Most naturopaths and doctors using high therapeutic doses of vitamin C with their patients would likely agree that the incidence of kidney stones in those patients is low. Most studies tend to back up this conception. An early study looked at 4-day diet recalls of men with and without kidney stones and found those afflicted were more likely to have higher dietary ascorbic acid.[ii] Several subsequent population studies have looked at the impact of vitamin C on kidney stone formation. Out of five studies looking at dietary intake of ascorbic acid in large populations of men and women (over 200,000 individuals in total) four of the studies showed no increased risk on kidney stones with levels of ascorbic acid at 1500 to 2000 mg daily.[iii],[iv],[v],[vi] One of the studies that followed men over a period of 14 years did show an age-related increase in symptomatic kidney stones with daily intake of 100 mg or more of vitamin C.[vii] Recently, a laboratory control trial looked again at oxalate absorption and formation in the body as related to vitamin c intake of 2000 mg daily, compared between groups of people who tended to develop kidney stone and those who did not. The results of the study did show a significant increase in oxalate absorption and formation in the stone –forming individuals.[viii]

So what can one conclude from all these studies and can we finally lay this debate to rest? The overwhelming evidence points to little to no effect of vitamin C intake, at levels between 1000 and 2000 mg daily, on kidney stone formation. However there is conflicting evidence, especially in older adult males, that vitamin C can contribute to kidney stones. Finally, among those who are predisposed to form kidney stones, higher dietary intake of vitamin C does seem to increase oxalate levels, hence a risk of increased kidney stones. That means that for most of us, vitamin C will not likely contribute to kidney stone formation. But, caution is advised among those that have a history of forming calcium-oxalate kidney stones, and lowered intake of vitamin C may be warranted in this population.

References:

[i] Hoffer A: Ascorbic acid and kidney stones. Can Med Assoc J 1985, 32:320 [letter].

[ii] Power C; Barker DJ; Nelson M; Wilson PD: Diet and renal stones: a case-control study. Br J Urol 1984, 56: 456-9.

[iii] Curhan CG et al.: A prospective study of the intake of vitamin C and B6 and the risk of kidney stones in men. J Urol 1996, 155: 1847-51.

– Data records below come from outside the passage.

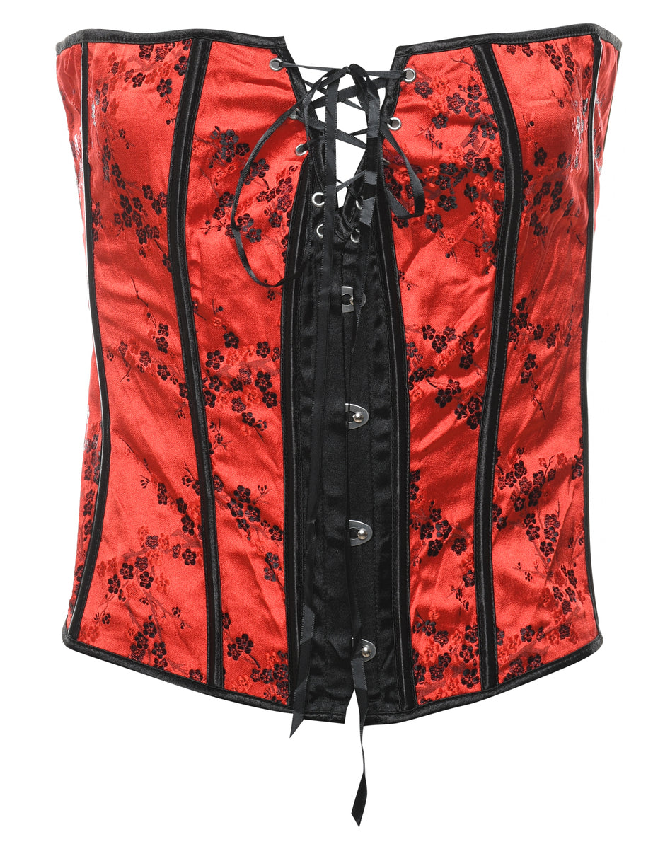 Classic corset in red with a boned bodice and lace trim. The size label mentions XL but based on the actual measurements we consider it a size S.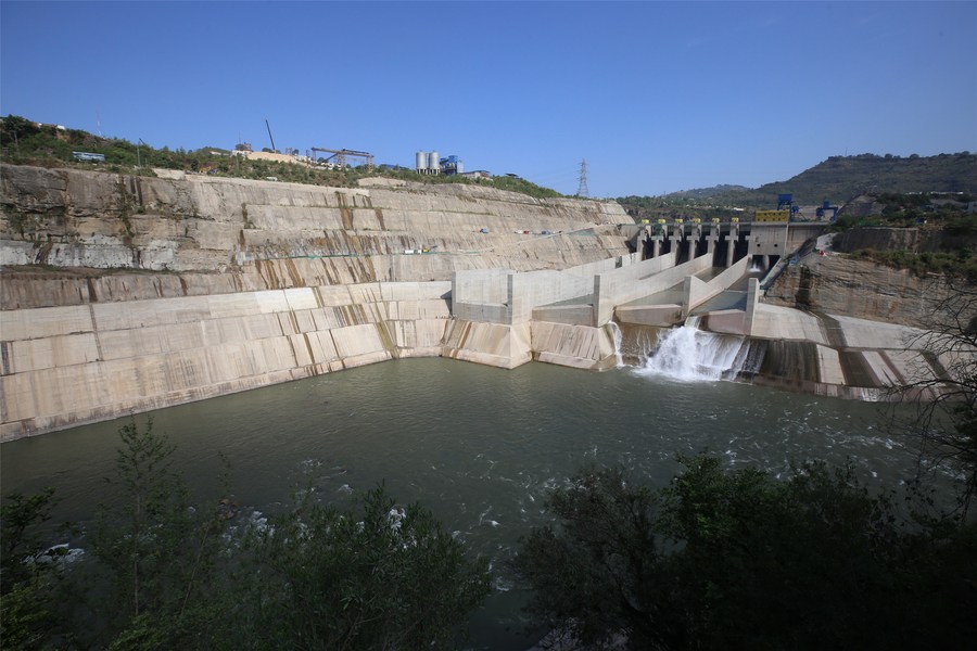 Aerial photo taken on May 24, 2022 shows the dam and spillway of the Karot Hydropower Project in Punjab province, eastern Pakistan. (CTG/Handout via Xinhua)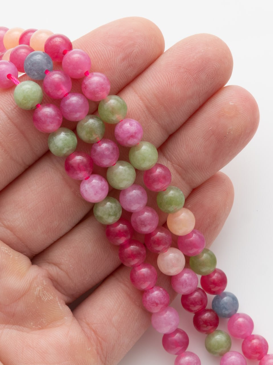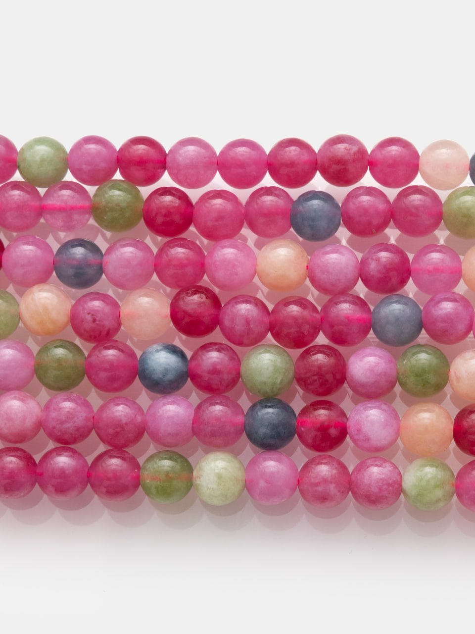 • Кварц тонированный, цветной микс, розовый, зеленый, голубой, 6мм, нить, Б358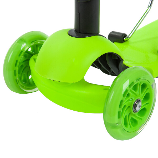 Самокат Novatrack Disco-Kids - это модель-трансформер с прикрепляемым сиденьем, на которой можно начинать кататься с раннего возраста. С сиденьем самокат выполняет роль каталки. Дека самоката выполнена из прочного пластика и выдерживает нагрузку до 25 кг. Т-образный алюминиевый руль снабжен мягкими резиновыми рукоятками, поворот осуществляется наклоном руля вправо/влево. Яркие полиуретановые колеса дополняют красочный облик самоката. Два больших колеса диаметром 120 мм и одно заднее 90 мм делают самокат устойчивым.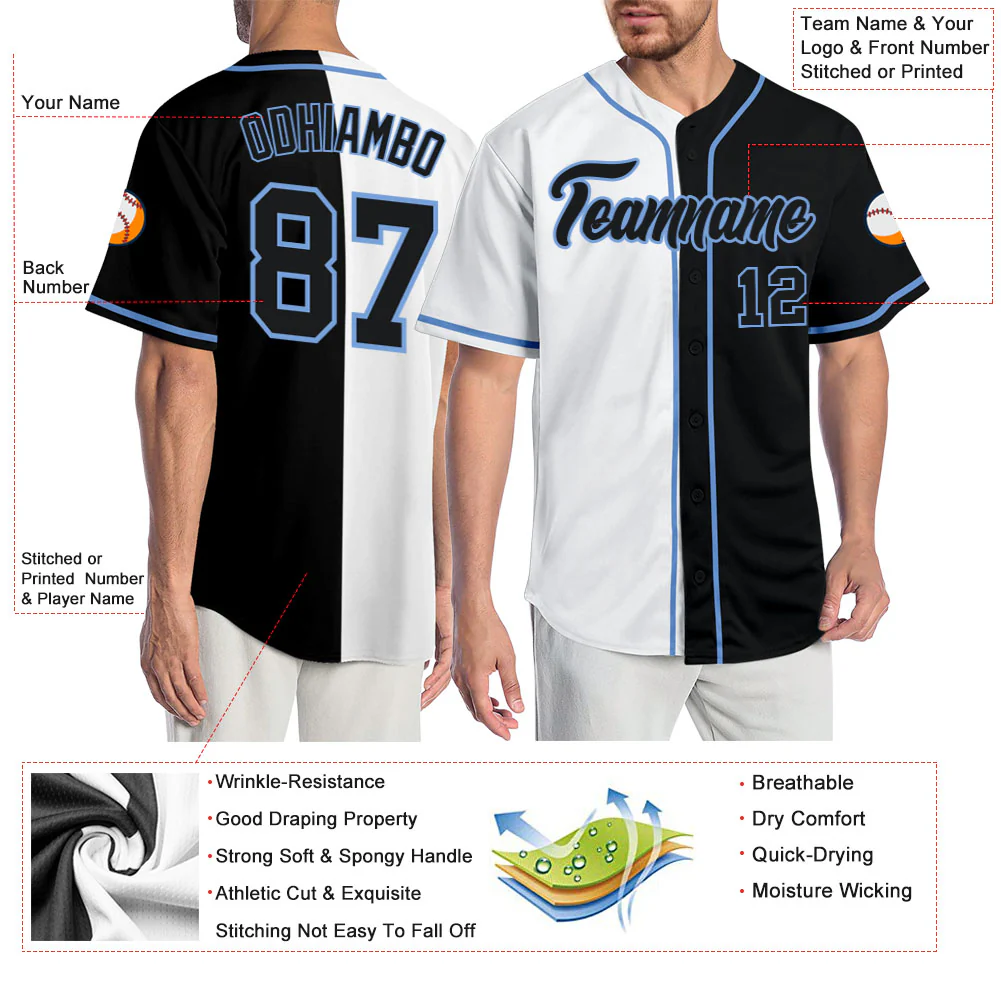 Custom White Black-Light Blue Authentic Split Fashion Baseball Jersey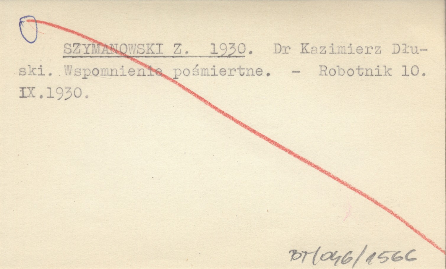 SZYMANOWSKI Z. 1930 Dr Kazimierz Dłuski. Wspomnienie pośmiertne.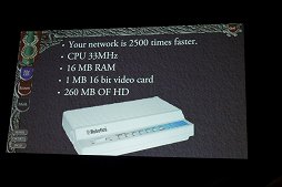 1995年,当時のUltima Onlineは,Origin Systems内で「Multima」というコードネームと呼ばれていた。もともとは,MUD(Multi-User Dungeonと呼ばれた,テキストで進めていくオンラインゲーム)のクリエイター出身だったコスター氏が想起した,「Ultima IVをマルチプレイ化させた,グラフィックスのあるMUDゲーム」というコンセプトでスタートしたという。当時のハイエンドPCと言えば,「CPU性能は今より1000分の1の33MHz,メモリも1000分の1の16MB,ビデオカードは8000分の1ほどしかない1MB(16ビット)で,HDDは260MBで,今の携帯電話のほうが遥かに大容量」だったとロング氏はジョークを飛ばしていた。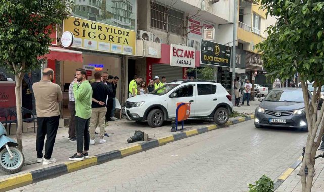 Hatay'da sürücünün fren yerine gaza bastığı otomobil, kaldırıma çıkarak önüne gelen her şeyi yıktı. Aracın kaldırıma çıktığı anlar ve bir iş yerine metreler kala durması kameraya yansıdı.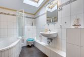 Das Badezimmer verfügt über eine Badewanne, ein WC, ein Waschbecken und reichlich Ablagefläche.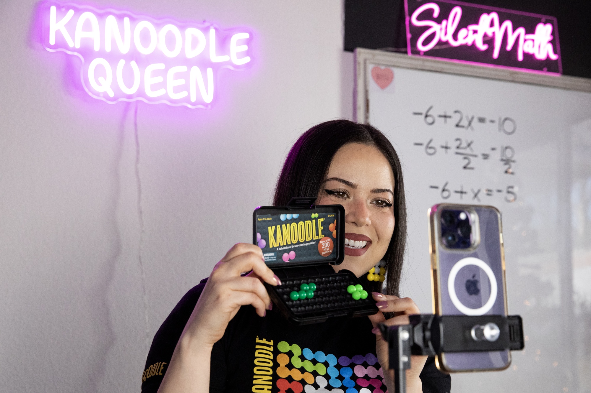 Educational Insights表示,一位名为Kanoodle Queen的网红帮助他们与购物者建立了联系。在现实生活中,她是30岁的数学家Arlene Resendiz,在疫情封锁期间开始在Instagram上教学。在那里积累了7万名粉丝后,她转到了TikTok,使用“silentmath”这个账号,观众数量激增至160万名粉丝。Resendiz现在直播自己玩Kanoodle,并从与她的推广相关的销售中赚取佣金。“很多人以前没见过这个游戏,所以很好奇,”她说。“我会请观众帮我,比如我应该用哪种颜色的块。我帮助了Kanoodle变得流行起来。”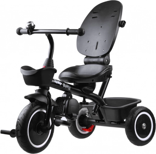 Rodiče ocení nastavitelnou vodicí tyč s pohodlným úchopem, dvojité parkovací brzdy na zadních kolech a praktické úložné prostory: přední košíček, zadní velký koš i malou tašku na drobnosti. Kola z EVA pěny nevyžadují huštění a poskytují tichou a stabilní jízdu. Sklopné stupačky a pedály na předním kole usnadní přechod mezi režimy, takže tříkolka plynule roste s dítětem.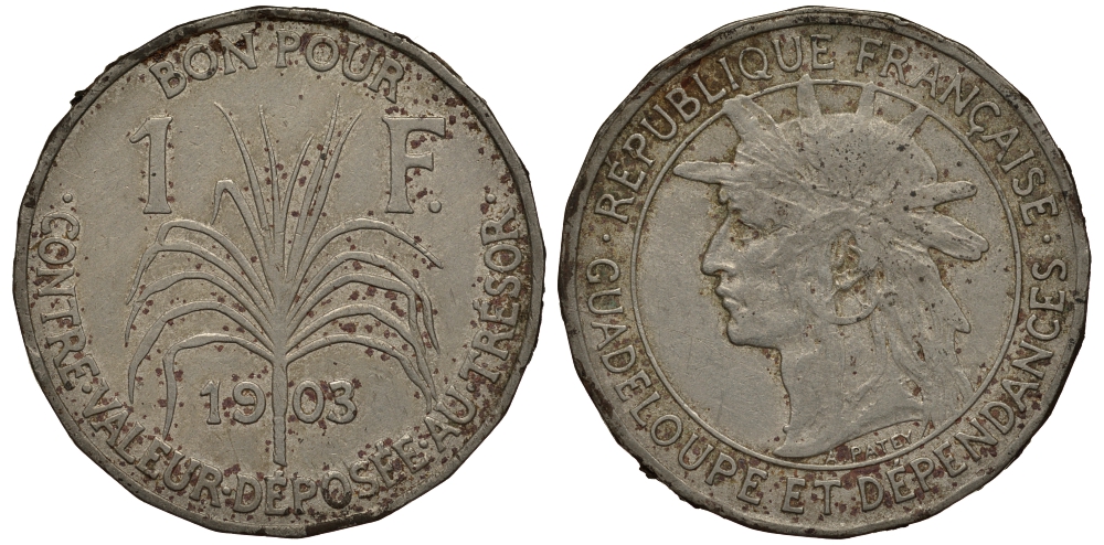 Гваделупа 1 франк 1903 KM 46 медно-никель 272-741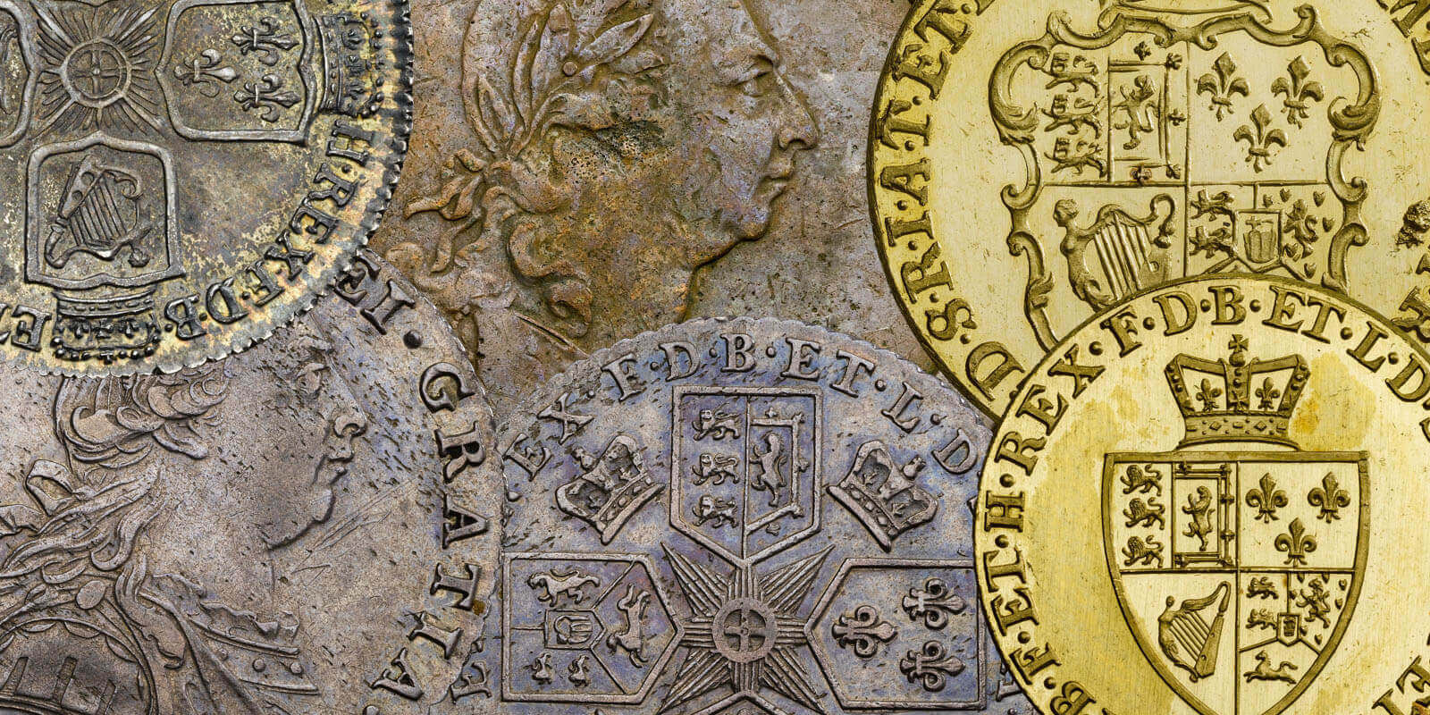 The reign of George III saw great loss and great gains in terms of coinage. While gold coins were struck regularly, first as guineas and finally with the introduction of the modern sovereign in 1817, silver and copper coins were comparatively rarer. The absence of silver coinage in the early part of the reign eventually led to the Bank of England issuing countermarked Spanish silver coins to meet demand. The few copper coins struck for small change led to an influx of unofficial token coinages created by private business owners, and ultimately to Matthew Boulton being awarded a contract to strike what would become known as the Cartwheel Penny. This reign showcased the work of some of the Mint’s best known engravers, such as Lewis Pingo, Thomas Wyon, and Benedetto Pistrucci – not surprising, given that George III has perhaps more different coinage portraits than any other British monarch.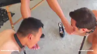 Рабы выползают из клеток чтобы лизать стройные ноги госпожи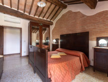 The organic and biodynamic farm Le Calle is located in the heart of the Montecucco DOC area and produces high quality wine, oil, pasta, cured meats, honey and legumes. In the structure animals of native breeds are bred such as the Cinta Senese pig, the Maremmana cow, Apennine sheep, Amiatino donkey and courtyard animals. The owners organize visits on an amusing agribus and once a week (June-August) a dinner is offered with the excellent products of the farm, which can also be purchased in the shop. Beautiful, cosy, rustic working farm Le Calle, surrounded by fields and vineyards. 3 apartments in the residence. 10 km from the centre of Cinigiano, in a sunny, elevated position, 50 km from the sea, in the countryside. For shared use: beautiful garden to relax, swimming pool (6 x 12 m, depth 120 - 170 cm, seasonal availability: 01.May. - 30.Oct.). Shower/WC in the pool area, volleyball, barbecue, children's playground, pool maintenance by the owner/gardener. In the house: reception, washing machine (for shared use). Parking on the premises. Grocery 1 km, supermarket 10 km, restaurant 3 km. Riding stable 10 km, walking paths from the house 20 m. Nearby attractions: Montalcino 35 km, Val d´Orcia, Monte Amiata, Castiglione della Pescaia 50 km. Hiking paths: Parco dell´Uccellina 50 km. Please note: car recommended. Local sale of farm products. Upon arrival you will find a free company product.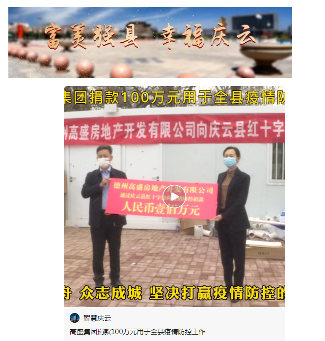 单笔数额最大丨高盛集团捐款100万元用于庆云疫情防控工作!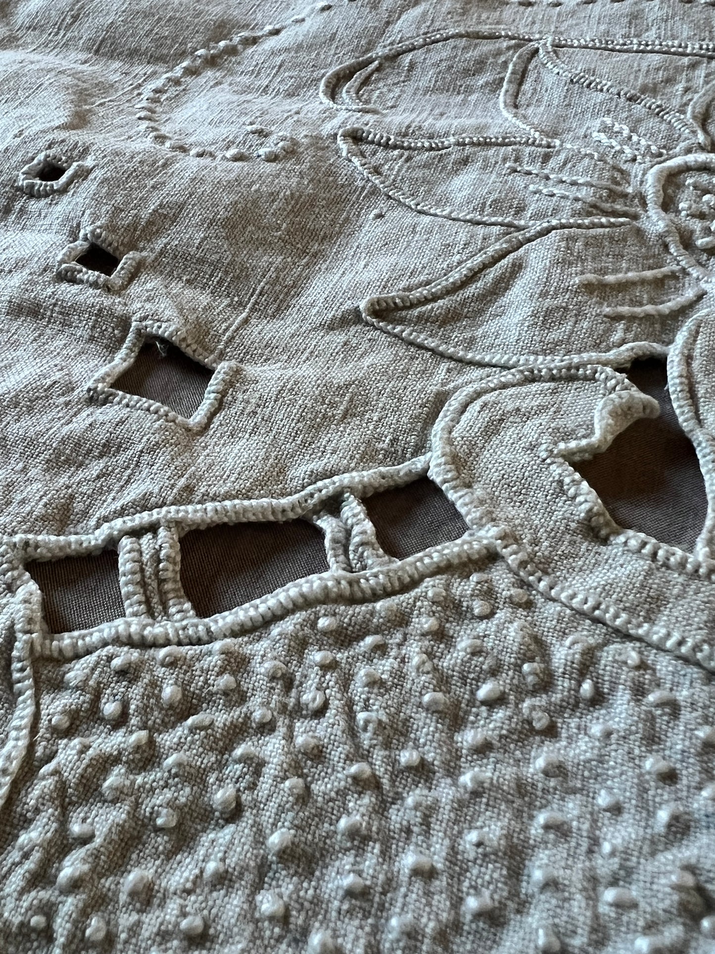 100cm×100cm 355g 未漂白カラーの素朴な風合いのリネンクロスです。 カットワーク刺繍が施されております。 布地にネップや小さな汚れがあります。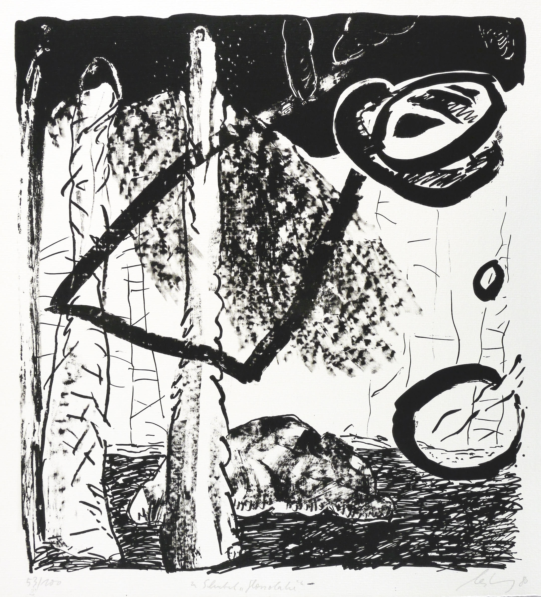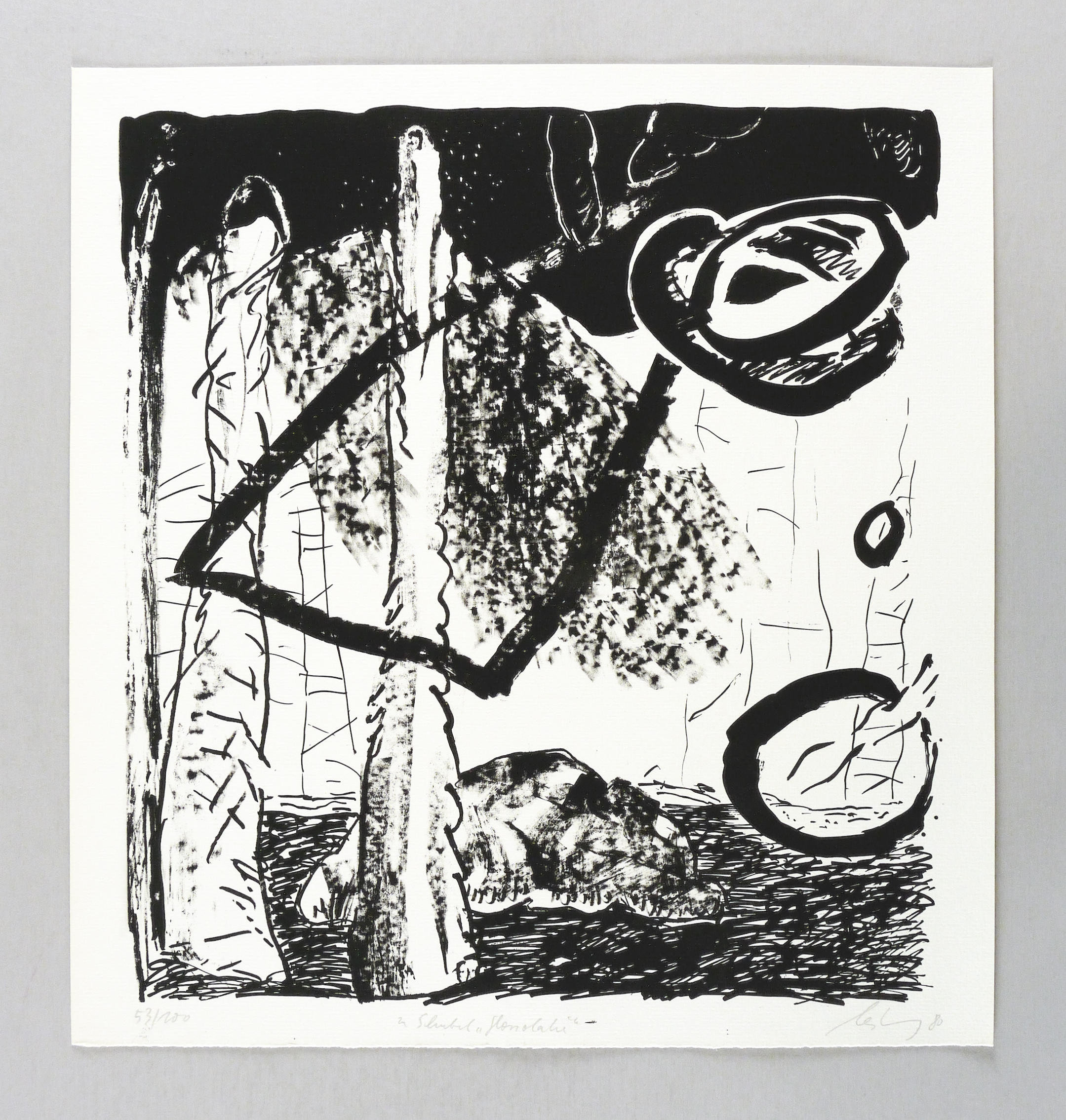 1980. Zinkografie / Kreide- & Pinselzinkografie, in Schwarz, auf hartem hellchamois Weißenborn. – Originale Künstlergrafik, von Helge Leiberg. – Auflage Exemplar Nr. 53/100. – 39 x 37 cm (Blatt), 35,6 x 32,1 cm (Darstellung / Druckbild).

[iv] Sowers MR et al.: Prevalence of renal stones in a population-based study with dietary calcium, oxalate and medication exposures. Am J Epidemiol 1998, 147: 914-20.

[v] Simon Ja, Hudes ES: Relation of serum ascorbic acid to serum B12, serum ferritin, and kidney stones in US adults. Arch Intern Med 1999, 159:619-24.

[vi] Curhan GC, et al.: Intake of vitamins B6 and C and the risk of kidney stones in women. J Am Soc Nephrol 1999, 10: 840-5.

[vii] Taylor En, Stampfer Mj, Curhan GC: Dietary factors and the risk of incident kidney stones in men: new insights after 14 years of follow-up. J Am Soc Nephrol 2004, 15: 3225-32.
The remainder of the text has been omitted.